April 27: With the decline in excess liquidity faced by banks and financial institutions (BFIs) till few months back, BFIs are demanding permanent liquidity facility. “Some commercial banks were provided with Rs 5.13 billion permanent liquidity facility from April 8-19,” informs Dr Chiranjibi Nepal, Governor of the Nepal Rastra Bank (NRB) amid a program organised to mark 61st anniversary of the central bank on Tuesday.
The facility is a loan facility provided to the banks on collateral of bonds, debentures and treasury bills issued by the NRB. Banks are required to pay eight percent interest rate on NRB provided loan facility. It has signalled on gradually decreasing ‘liquidity tight’ and lower capital levels in the banking system. However, the demand by banks in the exact time when the excess liquidity is coming under control seems contradictory, analysts say.
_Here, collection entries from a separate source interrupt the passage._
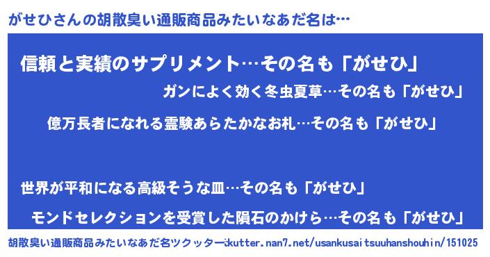 | 男性向けラノベタイトル風あだ名 | 『ガセヒアートオンライン』 |
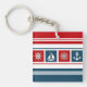 Schönes Design mit Segelboot, Anker, Kompass und Dekoration von Segelrädern auf gestreiftem Hintergrund
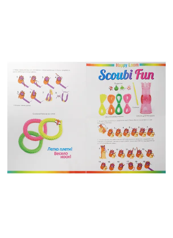 Happy Loom Scoubi Fun Набор для плетения браслетов (02208) (4 браслета) (4 веревочки+станок+крючок+4 подвески) (6+) (коробка)
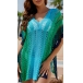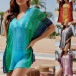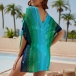 Sexy Gradient Color V-neck Batwing Sleeve Hollow Out Knitted Swimming Cover-up Shirt
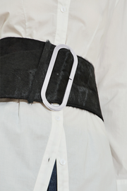 The Cowhide Wide Belt in Black by Maison Essentiele is a versatile accessory designed for adaptable styling. Crafted from 100% leather, it features an oversized brushed chrome buckle in an elongated oval shape, adding a bold statement to both casual and elevated looks. Pair it with tailored trousers, over a blazer, or cinched at the waist of your favourite dress for a refined finish.
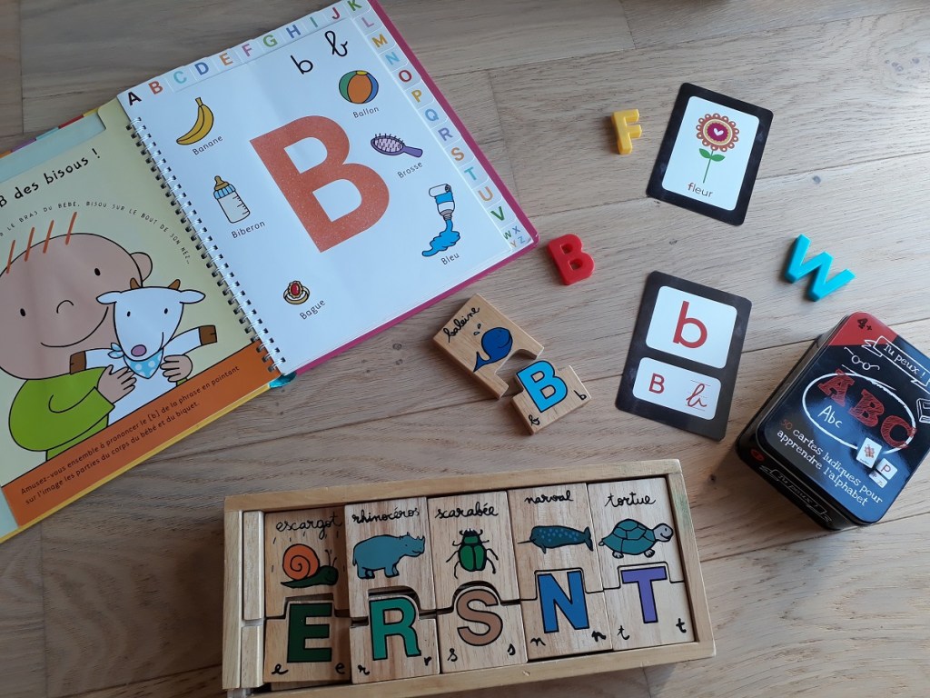 Et enfin, voici une partie de nos jeux autour de l’alphabet comme ce puzzle en bois, ce livre avec lettres en relief (plus de photos juste là), un jeu de cartes et les classiques lettres aimantées. La plupart était à l’aînée.
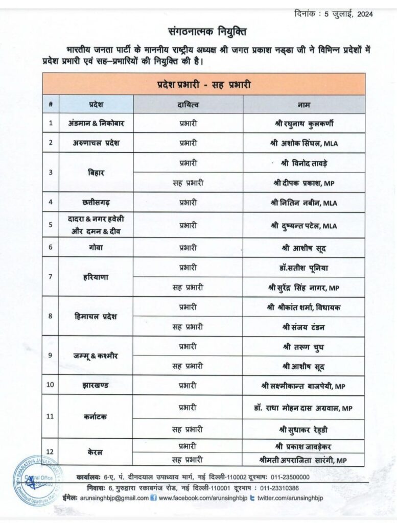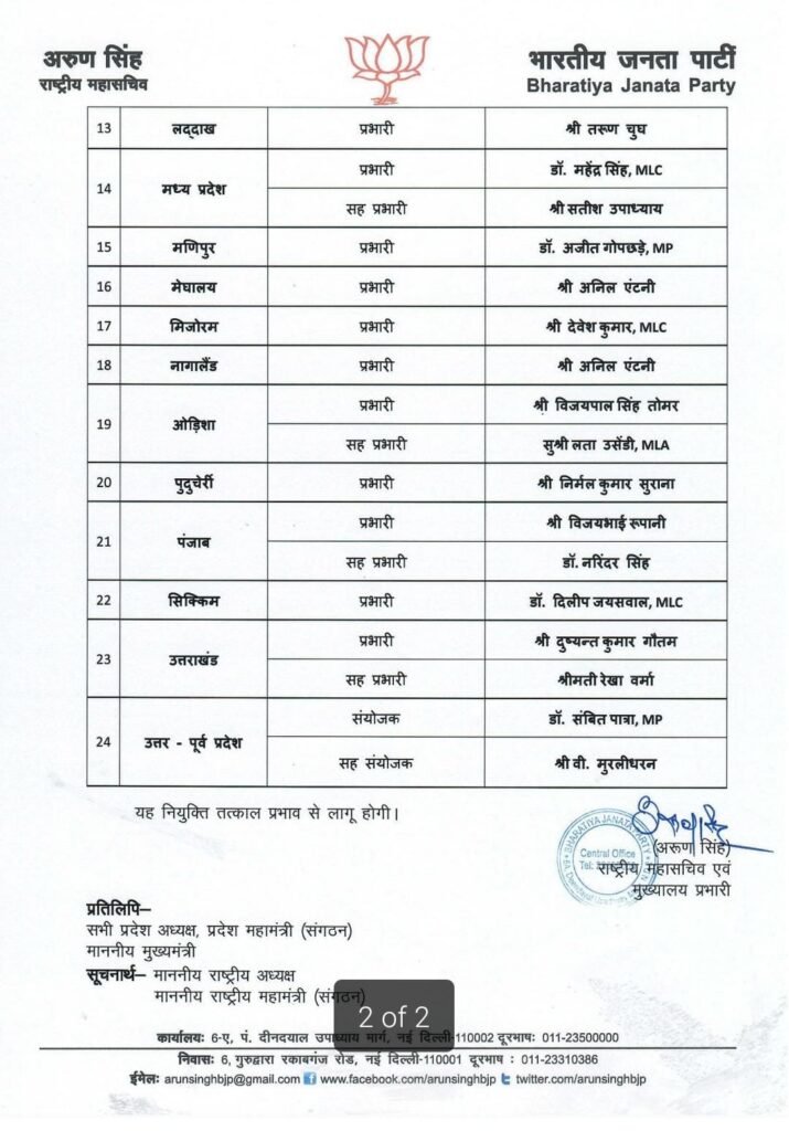 ब्रेकिंग : प्रदेश भाजपा के नए प्रभारी घोषित, लता उसेण्डी बनाई गई सह प्रभारी, देखिए पूरी सूची और खबर
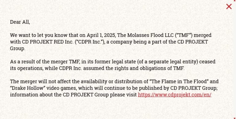 CD Projekt rozpoczął 2025 rok od wypłaty dywidendy (w wysokości 25% rocznych przychodów netto) i wchłonięcia przejętego kilka lat wcześniej amerykańskiego studia The Molasses Flood (mającego przygotowywać multiplayerowy spin-off Wiedźmina).
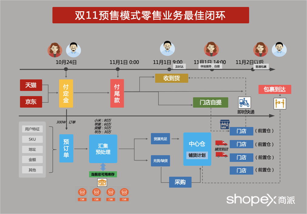 例如,当男性客户支付尾款后,由于对应的门店以及提前布置好库存,可以做到一半的客户在家里还没上班就收到心爱的手机,或者刚到公司就可以在前台取到熬夜支付尾款的战利品。这比以往双11由于快递爆仓,苦苦等待的体验好太多。
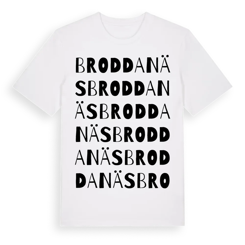 En ordlek byggd på Broddanäss namn. Subtilt och klurig – ett motiv som bara de som verkligen känner platsen fullt ut förstår. Premium bomull, unisex – från Broddanäs i Jönköpings län.
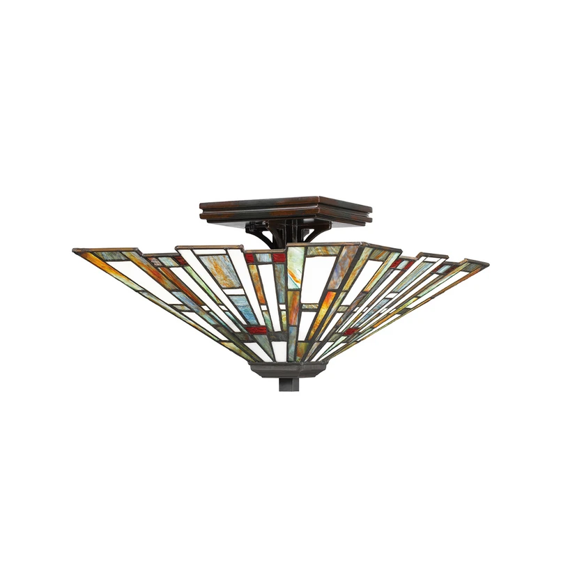 Γοητευτικό φωτιστικό οροφής Maybeck σε εμφάνιση Tiffany Οι αποχρώσεις σε σχέδιο Tiffany είναι δημοφιλείς, καθώς παρέχουν πάντα μια πολύχρωμη θέα του συνόλου. Το Maybeck είναι εξοπλισμένο με ένα γωνιακό σκίαστρο από μεμονωμένα στοιχεία γυαλιού τέχνης συναρμολογημένα σε στυλ Tiffany. Το πλαίσιο είναι κατασκευασμένο από χάλυβα και έχει φινίρισμα Valiant Bronze - εξωτερικά ρυθμιζόμενο
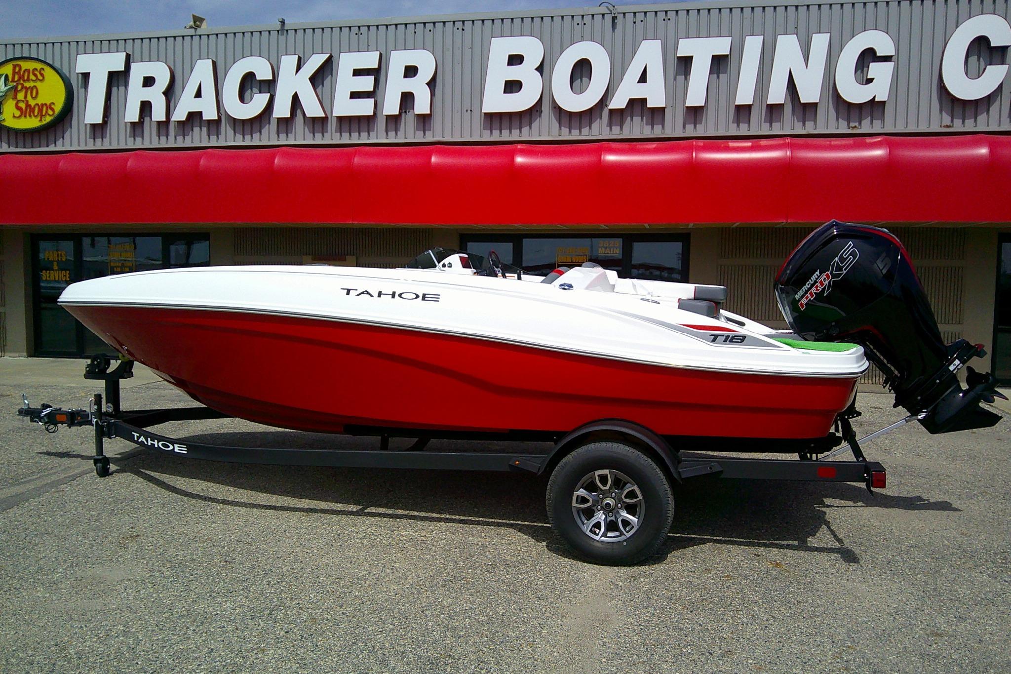 The 2025 TAHOE® T18 comes standard with a 90hp Mercury® ELPT FourStroke outboard motor and has a recommended maximum 115hp rating. This model is packaged with a trailer.

NRB informs of mopping up Rs 472 billion liquidity from banking system as of mid-July 2015 to 22 April 2016. “In compare to the mopped up liquidity, permanent liquidity facility demanded by the banks is negligible,” says a NRB source.
“The banks might have required the capital due to stagnant banking investments in treasury bills as well as increase in loan demands,” says the source. The banks are also tends to take the facility in a bid to achieve capital adequacy ratio designated by NRB.
Increase in inter-bank interest rate also shows the condition of ‘liquidity tight’ in the banking system. The interbank interest rate has risen to 5.15 percent on Sunday which had averaged 3 percent in first week of April. Due to this, it is estimated that the increase in loan interest rates will attribute to the increase in deposit interest rates.
Similarly, NRB informs of issuing high quality notes within the next one month. In the first phase, notes of Rs 100 will be issued. In the program, former governors were honoured by the NRB.